When applying Commonwealth of Kentucky v. Beshear, 981 F.3d 505 (6th Cir. 2020)], the U.S. District Court “correctly concluded that because the requirement to wear a facial covering applied to students in grades K–5 at both religious and non-religious schools, it was neutral and of general applicability,” the 6th Circuit wrote. “We agree with the district court’s application of Beshear.”
Regarding the equal protection challenge, the 6th Circuit said the argument presented was “confusing,” was “largely a repackaging of” the free-exercise argument and was without merit. “First, Plaintiffs fail to satisfy th[e] threshold requirement of showing that the state has treated similarly situated persons differently than Plaintiffs,” the 6th Circuit wrote. “Plaintiffs argue that the MDHHS Orders result in ‘disparate treatment’ because they permit persons to remove their masks while engaging in certain secular activities and in religious worship in a house of worship, while requiring students in grades K-5 at religious schools to wear masks. This is a free-exercise challenge, not an equal-protection challenge. Seemingly recognizing that this is a free-exercise challenge, Plaintiffs open their argument by stating that ‘the challenged measures burden Plaintiffs’ fundamental rights to the free exercise of religion under the First Amendment in violation of the equal protection guarantee of the Fourteenth Amendment.’ … Further, there is no ‘disparate treatment’ because the MDHHS Orders did not distinguish between certain groups of children. The MDHHS Orders required all children ages five and older to wear masks in public, subject to a few universal exceptions that were available to Plaintiffs.”
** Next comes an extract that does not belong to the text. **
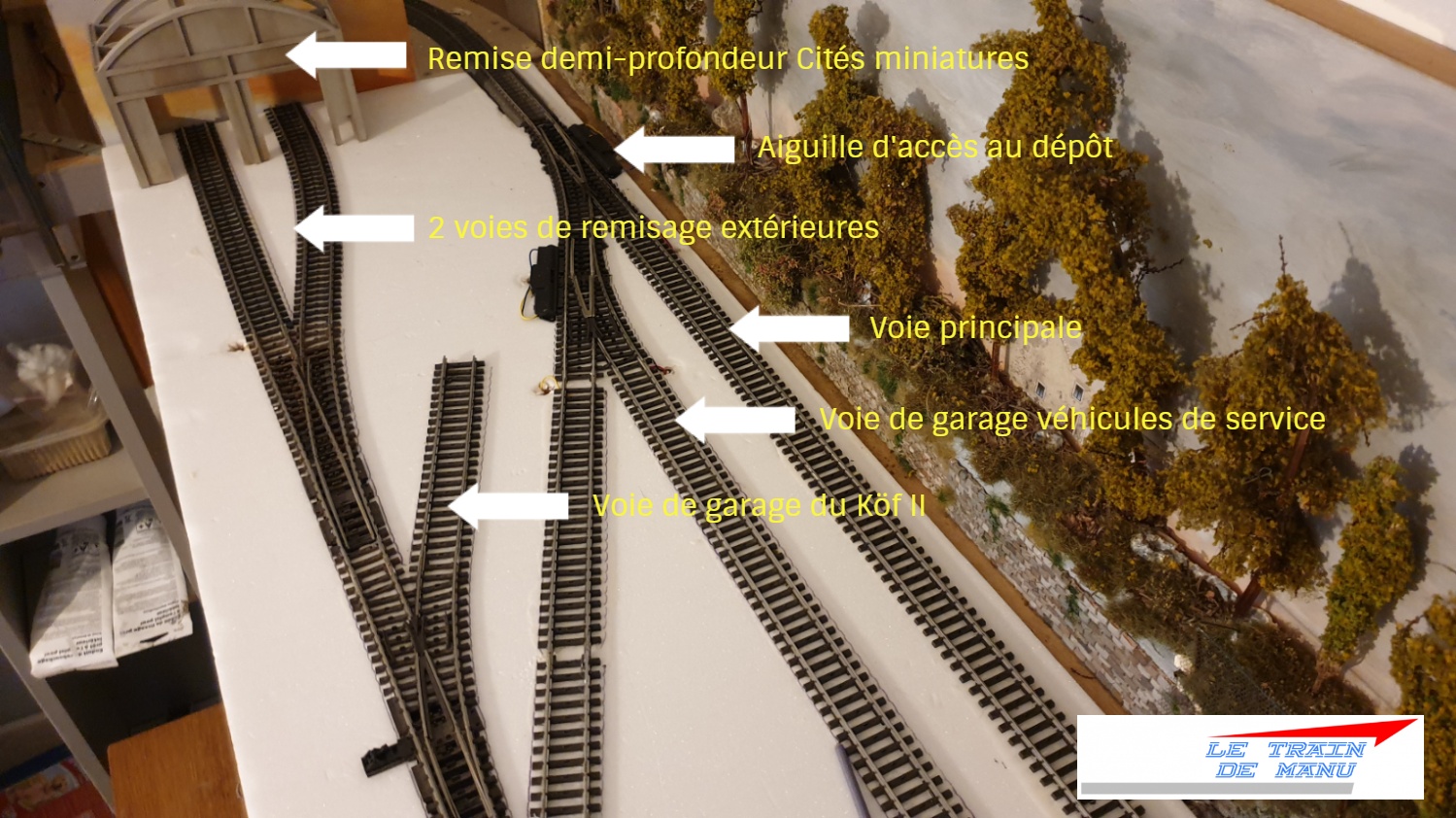 ● Permutations aiguilles : Manuelle à pied d’œuvre sur les deux aiguilles de remisage et motorisation des trois autres aiguilles (moteur Märklin 7549).
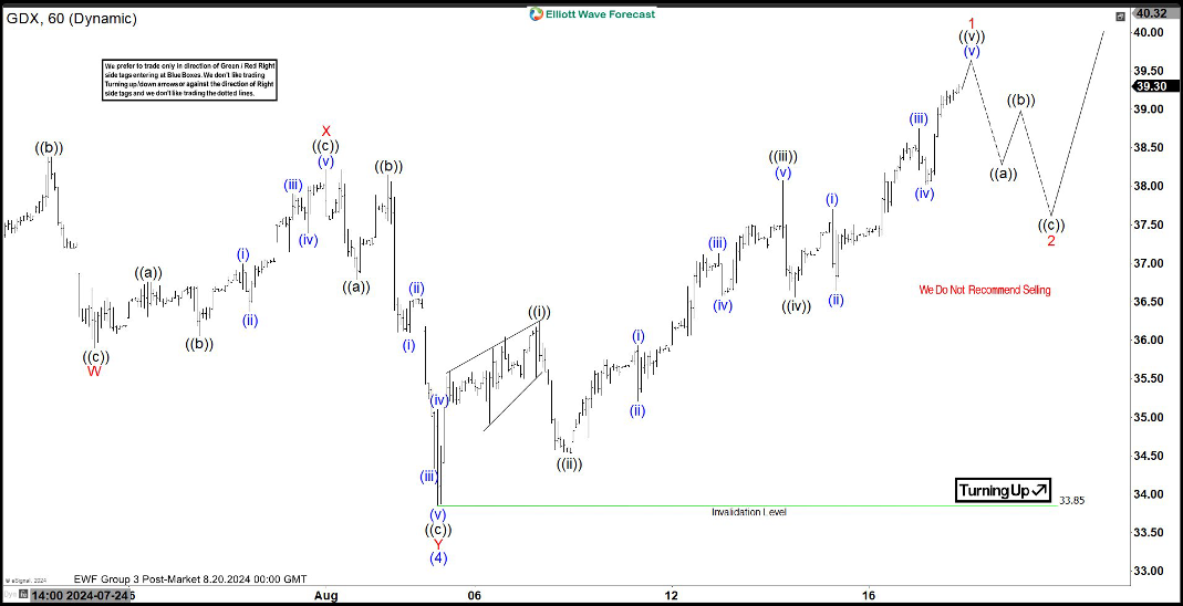 Rally from 9.26.2022 low in $GDX is currently in progress as a 5 waves diagonal. Up from 9.26.2022 low, wave (1) ended at 36.26 and pullback in wave (2) ended at 25.62. The ETF then extended higher in wave (3) towards 39.4 and pullback in wave (4) ended at 33.85 as the 1 hour chart below shows. Internal subdivision of wave (4) unfolded as a double three Elliott Wave structure. Down from wave (3), wave W ended at 35.9 and wave X ended at 38.22. Wave Y lower ended at 33.85 which completed wave (4) in higher degree.

The school’s argument “that the requirement that children ages 5 years and older wear masks in the classroom lacks any rational basis is equally unavailing,” the 6th Circuit said. “[The] MDHHS Orders satisfy rational-basis review. Accordingly, we conclude that Plaintiffs’ equal-protection claim fails.”
The 6th Circuit also dismissed the school’s due process claim. “Plaintiffs’ challenge to the MDHHS Orders lies in the First Amendment’s Free Exercise Clause, and thus, their substantive-due-process claim is duplicative. The district court admittedly did not explicitly address the merits of Plaintiffs substantive-due-process claim. We nonetheless conclude that Plaintiffs’ substantive-due-process claim is without merit.”
After the 6th Circuit panel issued its decision in late August, Resurrection School asked for an en banc hearing – that is, the school has requested that all the 6th Circuit judges examine the case, and not just the three-judge panel. The 6th Circuit has yet to rule on this request.